Les indicateurs de la reprise du marché immobilier


Sortie du (re)confinement et retour des beaux jours, les acheteurs sont de plus en plus présents sur le marché immobilier. Quelles opportunités pour les vendeurs et perspectives pour les acheteurs ? Hosman détaille les indicateurs du printemps 2021 qui annoncent le redémarrage du marché immobilier.


Les prix de l’immobilier continuent d’augmenter


Paris : fini la stagnation 

Après 8 mois de stagnation, les prix de l’immobilier parisien repartent à la hausse dans presque tous les arrondissements de la capitale : +0,31% entre le mois de mars et le mois d’avril 2021 (source : Baromètre Hosman).

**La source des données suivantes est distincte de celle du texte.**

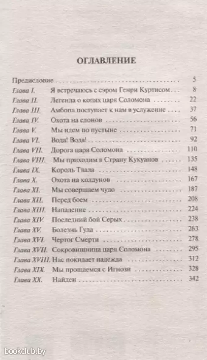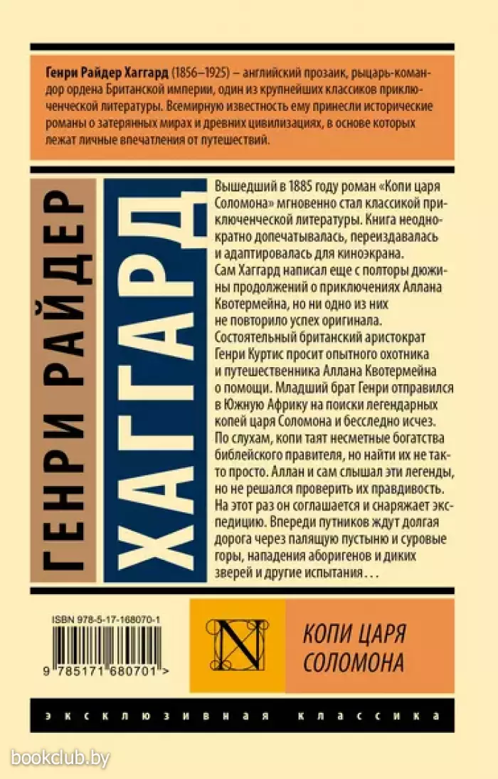 Вышедший в 1885 году роман «Копи царя Соломона» мгновенно стал классикой приключенческой литературы. Книга неоднократно допечатывалась, переиздавалась и адаптировалась для киноэкрана. Сам Хаггард написал еще с полторы дюжины продолжений о приключениях Аллана Квотермейна, но ни одно из них не повторило успех оригинала. Состоятельный британский аристократ Генри Куртис просит опытного охотника и путешественника Аллана Квотермейна о помощи. Младший брат Генри отправился в Южную Африку на поиски легендарных копей царя Соломона и бесследно исчез. По слухам, копи таят несметные богатства библейского правителя, но найти их не так-то просто. Аллан и сам слышал эти легенды, но не решался проверить их правдивость. На этот раз он соглашается и снаряжает экспедицию. Впереди путников ждут долгая дорога через палящую пустыню и суровые горы, нападения аборигенов и диких зверей и другие испытания…

Bon à savoir 💡 : le prix au mètre carré moyen du 6 ème arrondissement, le plus cher de la capitale, s’élève à 14 943 € pour le mois d’avril 2021 (source : Baromètre Hosman).

Une croissance généralisée

Les prix de l’immobilier ne se sont pas écroulés pendant la crise et ont même continué d’augmenter. En un an, les prix dans l’ancien ont augmenté de +5,8% en France (source : Se Loger).

Les grandes métropoles enregistrent encore et toujours des augmentations de leur prix au mètre carré : +5,3% à Nantes, +3,6% à Lyon ou encore +5,7% à Strasbourg, sur une période d’un an (source : Meilleurs agents).

Un ITI en hausse


L’Indicateur de Tension Immobilière (ITI), mesure la différence entre le nombre d’acheteurs et le nombre de biens à vendre. Un ITI élevé indique que le nombre d’acheteurs est supérieur à celui du nombre de biens en vente, et ainsi que le marché est sous tension. Ainsi, en mai 2021, de nombreuses villes affichent un ITI élevé : à Lille, le nombre d’acheteurs est supérieur de 16% au nombre de biens à vendre. Ce chiffre est de 12% à Toulouse, à Montpellier et à Nantes, ou encore de 10% à Paris.

Bon à savoir 💡 : Strasbourg affiche l’ITI le plus haut en France, en mai 2021, avec 22% (source : Meilleurs agents).

Fin 2020, la plupart des grandes villes affichaient en moyenne un ITI de 5%, ITI qui a aujourd’hui quasiment doublé : les acheteurs sont de retour sur le marché.

Un taux d’emprunt (toujours) faible


Depuis le début de l’année, les banques ont fait le choix d’améliorer les conditions d’octroi des crédits immobiliers pour favoriser la demande des ménages. Conséquence ? Le taux d’emprunt moyen a chuté, atteignant 1,13% au premier trimestre 2021, contre 1,19% au quatrième trimestre 2020 (source : Observatoire Crédit Logement/CSA). Un taux historiquement bas qui favorise le retour des acheteurs sur le marché. 

Bon à savoir : le taux d’emprunt est de 1,11% en mars 2021, minimum déjà atteint en décembre 2019 (source : Se Loger).

Un délai de vente raccourci dans les grandes agglomérations


Bien que les confinements successifs ont eu comme conséquence le décalage de certains projets immobiliers et l’envie de quitter les grandes métropoles, force est de constater que l’intérêt pour les grandes métropoles ne s’est pas effondré. Le délai de vente moyen recule de 7 jours par rapport à janvier dans les grandes villes. Comptez 60 jours pour vendre un bien à Marseille, contre 72 en début d’année. Nice et Rennes témoignent de la même dynamique puisque leur délai de vente se raccourcit de 11 jours (sources : Les Echos).